Folha de S. Paulo


Politicamente correto

Chamar urubu de "meu louro" é uma espécie de selo da loucura, ficamos tontos, não entendemos mais nada, perdemos o chão e as referências.

Mas, quando as distorções das palavras fazem parte da "novilíngua", devemos nos lembrar do conselho que Polônio deu ao rei Cláudio, padrasto de Hamlet: "Majestade, essa loucura tem um método".

"1984", romance de George Orwell, descreve uma sociedade totalitária onde todos eram vigiados pelo Big Brother (daí o nome do programa), a história era constantemente reescrita segundo a conveniência dos poderosos, o povo era conduzido a se unir pelo ódio a um inimigo comum (a elite branca da época), e as palavras, através do ministério da propaganda, ganhavam novos sentidos que confundissem as mentes, que impedissem a clareza de pensamento, que levassem a uma crença única, o amor obediente ao Grande Irmão. Era a novilíngua.

A coisa está se parecendo levemente familiar? É, e eu, em defesa da saúde mental pública, tenho dedicado várias destas colunas a decifrar o sentido original dos termos da novilíngua atual. Ora, "contabilidade criativa", "recursos não contabilizados", "malfeitos" e "aloprados" são de fácil tradução: trapaça, caixa dois, crimes e criminosos, respectivamente.

Mas, depois de decifrar "burguês" e "conservador", chegou a vez do "politicamente correto".

O que querem dizer essas expressões, "politicamente correto" (PC), e "politicamente incorreto" (PI)?

Politicamente correto é entendido como "o que não ofende os fracos e oprimidos, tudo que for progressista e de esquerda". Politicamente incorreto, por oposição, é "ofensivo, opressivo, conservador e de direita".

Mas, será mesmo? Vamos ao bê-a-bá da coisa. Politicamente: o que se refere à política; de maneira política. Ora, política é o nome que designa a correlação de forças entre pessoas que passaram a viver juntas na Polis, a cidade-Estado grega, há 2.400 anos. Antes não havia política, pois, sem a Polis e suas leis, as diferenças eram resolvidas na porrada, no assassinato ou na guerra.

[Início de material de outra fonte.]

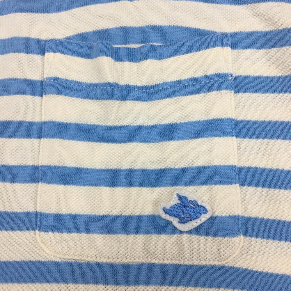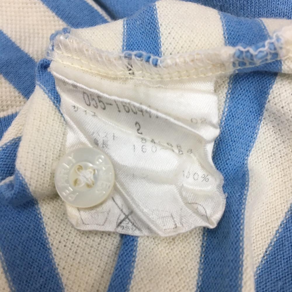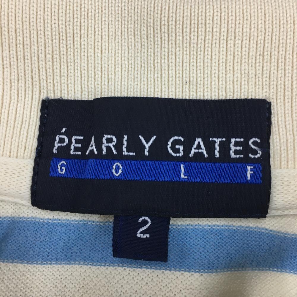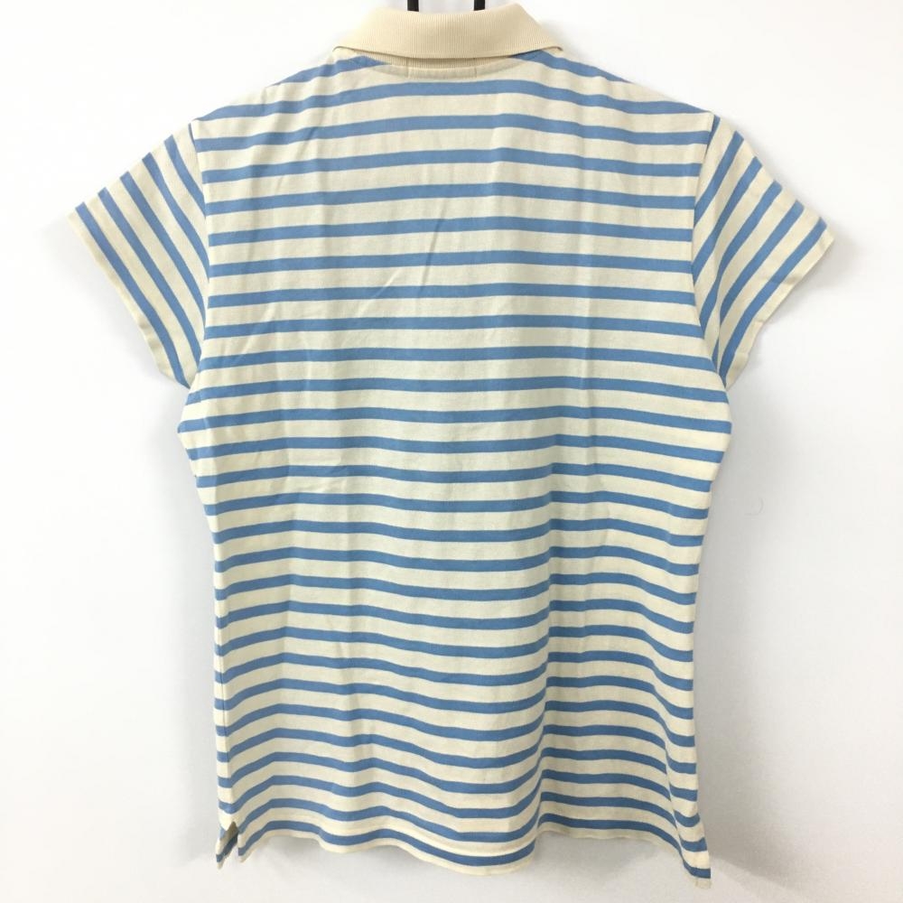 パーリーゲイツ 半袖ポロシャツ ライトベージュ×ライトブルー ボーダー 胸ポケット レディース 2(L) ゴルフウェア PEARLY GATES

Então, "politicamente" significa "da maneira que a correlação de forças entre pessoas diferentes se dá, dentro da Polis". Nela, essas diferenças não podem mais ser resolvidas com dedo no olho, golpe abaixo da linha da cintura e assassinatos. As diferenças têm que obedecer a lei, e o debate civilizado substitui a força. Se as coisas ficarem mal paradas, e a conversa não dá mais conta, o Estado é acionado para aplicar as leis, até, se necessário, com uso da força.

Então, politicamente correto é o embate de diferenças que acontece obedecendo às leis democráticas do Estado.

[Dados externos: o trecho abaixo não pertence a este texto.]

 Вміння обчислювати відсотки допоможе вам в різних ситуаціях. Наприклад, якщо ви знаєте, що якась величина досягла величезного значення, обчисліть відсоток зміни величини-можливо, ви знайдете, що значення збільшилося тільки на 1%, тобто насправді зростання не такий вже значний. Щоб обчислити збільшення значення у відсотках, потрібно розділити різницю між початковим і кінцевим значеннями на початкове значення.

Já o sentido atual de politicamente correto, que é o domínio de uma única maneira de pensar, a "correta", com o patrulhamento de qualquer desvio, de qualquer diferença, simplesmente acaba com a política: sem diferenças não há debate.
É este o método da loucura, da novilíngua, da lavagem cerebral que é a patrulha do "PC" (agora, entre aspas): estão querendo nos dominar!

O mais engraçado é que, uma vez que debato civilizadamente minhas ideias, me descobri politicamente correto.